Roddy lay in my arms, sucking on his bottle, his fingers playing with my hair. I love Roddy. I love the way he smells and feels. I love his sweetness.

“And I don't want to hear you sounding like your father, Tarren,” Mom continued. “Your father still hasn't learned to be strong, and he's forty …” Mom hesitated.

“Forty-four,” Tarren said.

“Yes, forty-four,” Mom repeated. Mom says Uncle Carter takes after Grandfather Babcock, who drank too much and wasted his money on get-rich-quick schemes. I never knew Grandfather Babcock. He died when Mom was just nineteen. I think she worries that Charles will turn out like him or Uncle Carter.

“Life is an obstacle course,” Mom said.

I know Mom's obstacle speech by heart.
We all have to make decisions. I'm not saying it's easy. But you don't
have to collapse every time you come face-to-face with an obstacle
.

“An obstacle …” Tarren repeated, her voice trailing off.

As Mom and Tarren were talking, Charles breezed into the kitchen. “Hey, Roddy, baby … how's it going?” He lifted Roddy off my lap and held him high over his head. Roddy shrieked, loving it.

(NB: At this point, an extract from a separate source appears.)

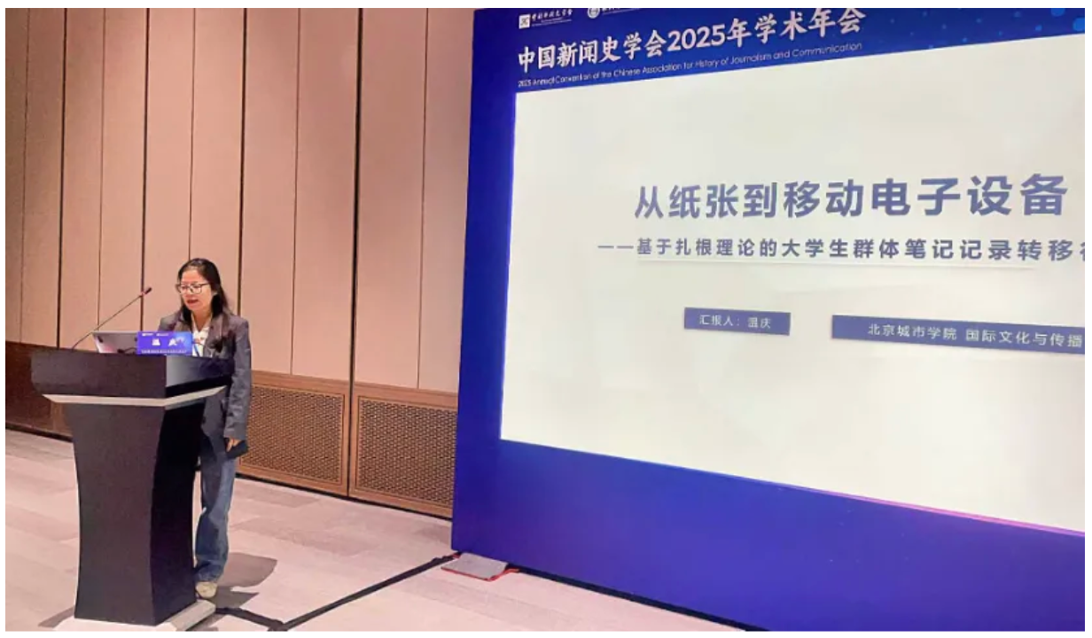 11月21日至23日,中国新闻史学会2025年学术年会在重庆科学会堂举行。sunbet申搏官方网站国际文化与传播学部传播学教研室教师温庆受邀参加,并在“应用新闻传播学专业委员会”分论坛上宣读题为《从纸质笔记到数字笔记——基于扎根理论的大学生群体笔记记录转移行为研究》的论文。该论文基于扎根理论方法,系统分析当代大学生记笔记方式转变的深层动因,从技术演进与文化变迁的双重视角,深入挖掘笔记记录从纸质到数字转移背后的逻辑机理与时代内涵,不仅拓展了数字社会个体行为转型的理论边界,更为学习类数字设备的研发优化提供了实证参考,对推动数字技术在教育领域的深度应用与推广具有重要实践价值。近年来,sunbet申搏官方网站国际文化与传播学部始终坚持“科研反哺教学、教学促进科研”的发展理念,高度重视学术氛围营造与科研平台建设,通过搭建多元化科研交流载体,鼓励教师紧盯学科前沿动态,开展特色化、创新性研究。

“He just finished a …” I began to say, but by then it was too late. Roddy spit up half of what I'd just fed him, right on Charles's head.

Charles shoved Roddy back at me and ran for the sink. He turned on the faucet full blast and stuck his head under it. When he'd had enough, he turned off the water and shook his head like a dog who's been for a swim. Roddy clapped his hands and laughed. Then Charles laughed, too. “Very funny, Roddy,” he said. “Ha-ha-ha.”

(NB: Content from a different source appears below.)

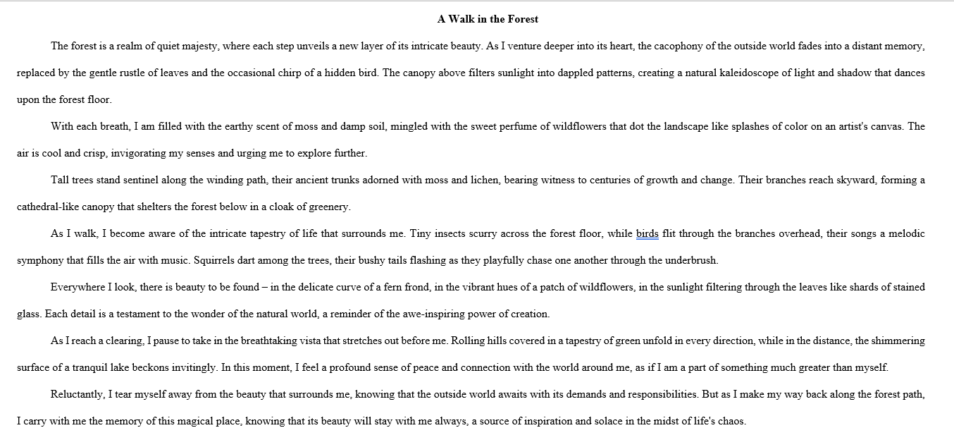 Additionally, figurative language such as metaphors, similes, and personification are employed to infuse the narrative with depth and emotion, allowing for a more profound connection between the reader and the subject. At its core, a descriptive essay is a finely crafted exploration of the world around us, inviting readers to see, feel, and experience the wonders of life through the eyes of the writer.

“Aa-aa-aa,” Roddy sang back.

“So what's tonight's catastrophe?” Charles asked, with a nod in Tarren's direction. He grabbed a kitchen towel and wiped his face.

“A speeding ticket,” I said.

“She thinks Mom can fix it?”

“I don't know.”

“Lots of luck,” Charles said. Then he waved at Roddy and left.

This is what it must be like to have a regular brother,
I thought. Someone you can laugh with, someone who talks to you naturally, without being sarcastic or cruel. Someone you can face every day without feeling you are walking on eggs. Why can't Charles be that kind of brother all the time?

Tarren looked less anxious when she came back into the kitchen. “I don't know what I'd do without you, Aunt Nell.” She hugged Mom. “You're the most supportive person in my life. I hope someday I'll be more like you.”

“You'll be fine,” Mom said. “You can handle whatever life throws your way. Remember … obstacles, not problems.”

“Right,” Tarren said. “Obstacles.” She reached for Roddy.

“You are about the luckiest girl alive,” she told me. “You have the most wonderful mother in the entire universe!”

It's funny how people think life would be perfect if only they had different parents.